Problem statement
Below are the records. List every line holding the word "with".

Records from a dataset
────
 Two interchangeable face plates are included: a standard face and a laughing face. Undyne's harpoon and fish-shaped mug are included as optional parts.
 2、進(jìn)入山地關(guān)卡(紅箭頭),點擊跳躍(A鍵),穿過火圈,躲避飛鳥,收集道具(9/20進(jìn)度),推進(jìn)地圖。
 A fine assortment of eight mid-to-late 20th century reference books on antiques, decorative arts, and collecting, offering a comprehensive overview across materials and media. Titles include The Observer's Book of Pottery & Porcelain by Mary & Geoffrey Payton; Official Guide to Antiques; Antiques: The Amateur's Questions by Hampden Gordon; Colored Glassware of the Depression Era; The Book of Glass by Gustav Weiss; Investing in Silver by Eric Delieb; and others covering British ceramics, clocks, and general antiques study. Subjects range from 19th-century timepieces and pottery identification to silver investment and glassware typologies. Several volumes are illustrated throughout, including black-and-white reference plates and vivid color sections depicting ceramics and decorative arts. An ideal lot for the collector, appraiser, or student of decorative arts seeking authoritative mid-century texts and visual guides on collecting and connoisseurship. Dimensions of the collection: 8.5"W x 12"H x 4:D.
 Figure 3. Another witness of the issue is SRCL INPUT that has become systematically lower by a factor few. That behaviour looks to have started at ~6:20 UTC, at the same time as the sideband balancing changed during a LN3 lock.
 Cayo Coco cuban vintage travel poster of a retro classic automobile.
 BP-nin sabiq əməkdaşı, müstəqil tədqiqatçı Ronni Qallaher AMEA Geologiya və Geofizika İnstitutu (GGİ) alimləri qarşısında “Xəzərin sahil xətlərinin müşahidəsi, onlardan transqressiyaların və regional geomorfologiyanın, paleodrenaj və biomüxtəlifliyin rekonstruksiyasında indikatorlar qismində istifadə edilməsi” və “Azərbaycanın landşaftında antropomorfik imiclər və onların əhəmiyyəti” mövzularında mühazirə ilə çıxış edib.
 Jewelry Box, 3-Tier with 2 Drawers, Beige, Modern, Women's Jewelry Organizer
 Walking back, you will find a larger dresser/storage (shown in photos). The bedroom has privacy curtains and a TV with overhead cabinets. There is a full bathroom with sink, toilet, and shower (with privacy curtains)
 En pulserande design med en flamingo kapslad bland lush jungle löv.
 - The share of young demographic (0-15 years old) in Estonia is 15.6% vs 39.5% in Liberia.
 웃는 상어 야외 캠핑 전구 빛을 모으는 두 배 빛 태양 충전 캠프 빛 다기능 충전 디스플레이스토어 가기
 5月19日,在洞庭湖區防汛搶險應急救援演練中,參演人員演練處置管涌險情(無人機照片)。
────
Completed exercise
 Jewelry Box, 3-Tier with 2 Drawers, Beige, Modern, Women's Jewelry Organizer
 Walking back, you will find a larger dresser/storage (shown in photos). The bedroom has privacy curtains and a TV with overhead cabinets. There is a full bathroom with sink, toilet, and shower (with privacy curtains)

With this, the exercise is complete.